Салиас-де-Турнемир Евгений Андреевич - Самокрутка стр 48.

Шрифт
Фон

Как же ты, соколик, говорил, что он богач-вельможа и наплюёт на наши деньги? А теперь, вишь, согласится.

Да я, матушка, опросил... Сказывают люди, надо дать... Я вот и хочу попробовать.

А не обманет он?

Как можно.

Возьмёт денежки-то, профинтит на разные финты, а тебя по губам помажет. А?

И Настасья Григорьевна, уже принёсшая и поставившая на стол свою заповедную шкатулку из корельской берёзы, где хранила деньги и документы вдруг остановилась в сомненьи и нерешимости.

Ведь они все разбойники и обманщики! сказала женщина убедительно.

Кто, матушка?

А эти... ваши питерские вельможи.

Ну, этак сказывать, знаете, в Сибирь угодишь.

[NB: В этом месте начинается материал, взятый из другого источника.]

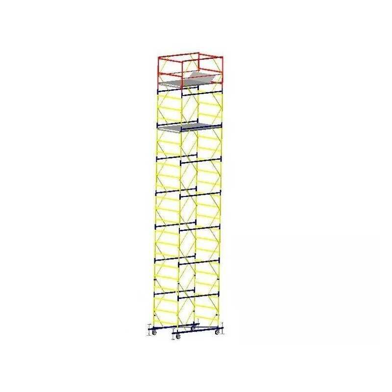 Вишка-тура VIRASTAR «ОПТИМА» 7+1, настил 1,2x2,0 м. Висота вишки 9.9 м. Використовується в будівельних роботах, оздоблювальних, монтажних або інших, де потрібно підйом на висоту.

Да ведь это я с тобой, глупый, глаз-на-глаз. Что ж, ты что ли на меня "слово и дело" скажешь... в каторгу мать родную упечёшь?

Борис рассмеялся.

Так как же, Боря... А? Деньги-то? Я боюсь. Пропадут они даром...

Ну, как хотите! Коли жаль не давайте... выговорил Борис и встал, будто собираясь прощаться.

Дурак ты, дурак... укоризненно закачала головой Настасья Григорьевна. Ей Богу, дурак... Кому же я их скопила да везла? Себе что ли на гулянье? Мне всего в семи рублях нужда будет, когда помру.

Зачем? Почему семь? невольно спросил Борис.

А на гроб. Самый лучший серебряный, с ручками и с кисточками, в нашей стороне за семь рублей купишь...

Полноте, матушка... Охота всё этакое выдумывать.

Между тем Настасья Григорьевна достала деньги из шкатулки и передала сыну две большие пачки.

Две тысячи, батюшка?.. Ты когда их ему отдашь... Энтому-то?

Сегодня же, солгал Борис.

То-то. А то потеряешь, или выкрадут.

Нет. Не бойтесь.

Настасья Григорьевна оглядела карманы сына, попробовала, крепок ли правый, и передав деньги, задумалась глубоко.

О чём вы это, матушка, пригорюнились?

Да всё думаю, Борюшка, о том, что вот чуден свет. Почему? часто так-то я думаю... почему делят детей не поровну? Родительскому сердцу, особливо материнскому, дети равны: что сын, что дочь, всё едино. А начнут делить достояние неправедно делят. Сыновей поровну, а дочерям объедочки, да урывочки, да кромсатушки.

Кромсатушки! рассмеялся Борис.

Да. Сыновьям равные части, а дочерям малые малюсенькия накромсают части... А ведь у дочери тоже сыновья будут и теми же родными внуками причтутся. Внуки от сына богатые выйдут, а внуки от дочери бедные. Грех это! Неправедно это!

Отчего это вам вдруг такое на ум пришло? удивился Борис.

А вот отчего. Был у князя одного московского, богатейшего вельможи, сын и была дочь. Обоих детей он любил равно. Это было давно. Он помер. И вот теперь внучка его, от сына, богатейшая на всю Москву приданница.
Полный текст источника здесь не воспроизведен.